Court Opinion

ID: 8330571
Source: CourtListenerOpinion
Date Created: 2022-10-17 20:55:51.593368+00
Date Added: 2024-06-11T16:45:26.838487
License: Public Domain

Lawrence, J.
The assignee was not a party to the action, but it is quite apparent that he was fully heard by counsel upon all the arguments, both at special term, general term and in the court of appeals upon the previous motion to vacate the attachment in this case.
In Jay v. De Groot (2 Hun, 205), it was held that where the court allows any person to appear and be heard upon the argument of a motion, in the decision of which he is interested, such hearing is as effectual as though such person had received notice of the motion and had been named as a formal party to it, and he is fully concluded by the disposition which the court may make of such motion. In Schrauth v. The Dry Dock Savings Bank (8 Daly, 109), Chief Justice Daly says: “In Jay v. De Groot (2 Hun, 205) it was held that any person who is allowed by the court to appear and to be heard on the argument of a motion is as rally concluded by the disposition which the court makes of such motion as if he had been named a personal party to it and received notice of the motion.”
These cases would seem to conclusively establish, that as the assignee was heard through counsel, he is as much bound by the decision at the previous general term of this court, that the attachment should stand, as the parties to the action, and that as to him it is res adjudicata that the plaintiff is entitled to an attachment. " It is, however, said that under section 682 of the Code of Civil Procedure the defendant, or a person who has acquired a lien upon or interest in his property after it was attached, is entitled at any time before the application of the attached property or the proceeds thereof to the payment of the judgment recovered in the action, to apply to vacate or modify the warrant of attachment.
Section 683, however, prescribes that such application “maybe founded only upon the papers upon which the warrant was granted * * * or that it may be founded upon proof by affidavit on the part of the defendant * * * in which case the plaintiff may show any matter in avoidance thereof which he might show upon the trial.”
We do not understand that under these two sections, if a defendant has elected to move upon affidavits and upon the merits to vacate an attachment, he can, after being-defeated upon such motion, turn around and allege that the affidavits on which the attachment was granted disclosed no ground for granting the same. Having made his *459election, he is hound by it, the court having jurisdiction of the person, and the subject matter. This case might, we think, well be disposed of upon these grounds, but it appears from the case that pending the appeal to the general term from the original order vacating the attachment, a stipulation was entered into between the parties by which it was recited, among other things, that the plaintiff having levied upon the defendant’s goods under the attachment prior to the assignment, and also having in a second action between the same parties obtained a judgment and issued an execution subsequent to the assignment, it was stipulated and agreed between the Park Bank and the assignee now maldng this motion, and by and between the parties to the action, that the goods and property now in possession of the sheriff under the aforesaid levies be released therefrom, and the sheriff be discharged from all custody and control thereof, and that upon the sale of the said goods, etc., the assignee deposit from tbe proceeds thereof, in the United States Trust Company, to the credit of the first above entitled action, the sum of $5,500, if such sum be realized upon said sale, which shall take the place of the goods and property now held by the said sheriff under said attachment, and be subject to all the rights that the National Park Bank may now have against the said goods and property, by virtue of said attachment, until the determination of the appeal in said action.

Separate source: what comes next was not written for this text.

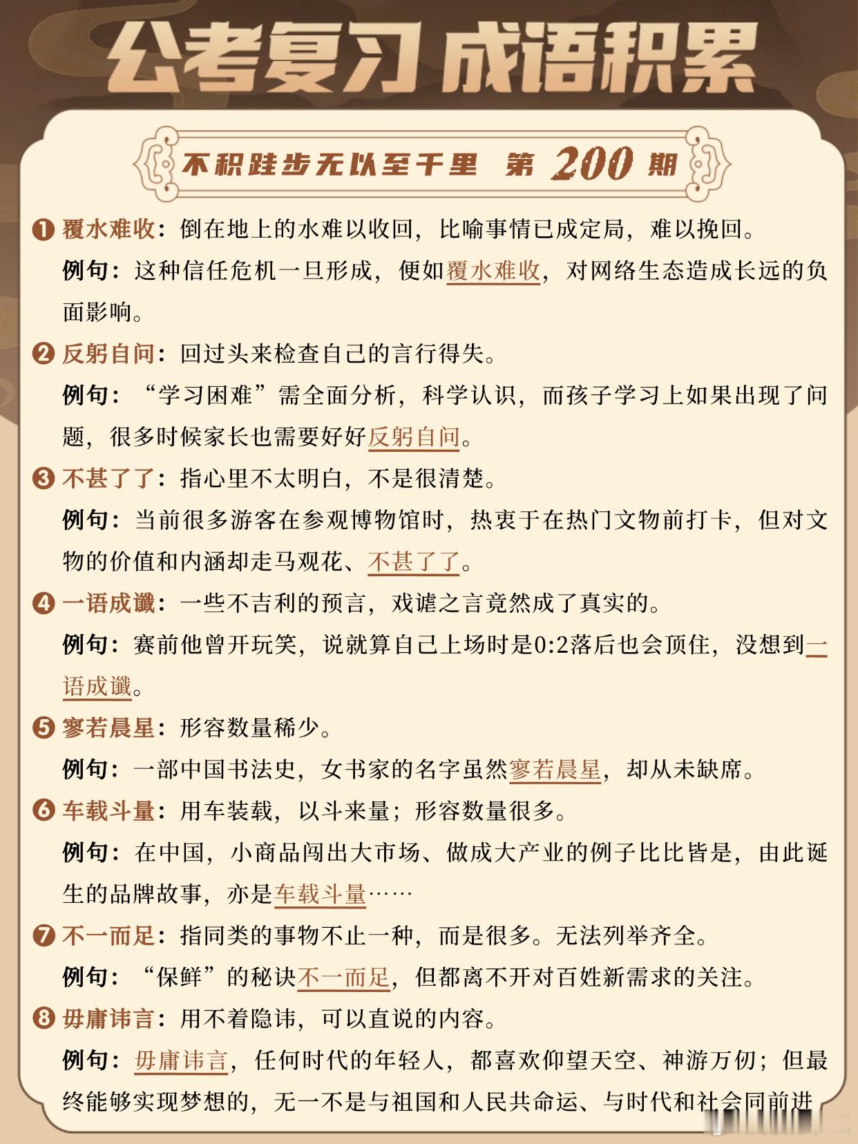 国考成语积累第200天覆水难收 反躬自问 不甚了了 一语成谶寥若晨星 车载斗量

Provision is further made for a deposit to the credit of the second action between the parties. And then it is provided that this stipulation shall not prejudice any of the existing rights of any of the parties thereto. That stipulation is signed by Whiting, assignee, and Stewart & Boardman, attorneys for assignee. We are of the opinion that that stipulation applied to the appeal and motion which was then before the general term of this court, and that the rights which were reserved at the end of the stipulation, referred to the rights of the parties in relation to that motion; and we are further of the opinion that the general term having sustained the attachment, and the court of appeals having dismissed the appeal from the order of the general term, the assignee is now estopped from "claiming that he has any further right to question the validity of the attachment.
For these reasons, we are of the opinion that the order of the court below should be affirmed, with costs.
Van Brunt, Ch. J., and Bartlett, J., concur.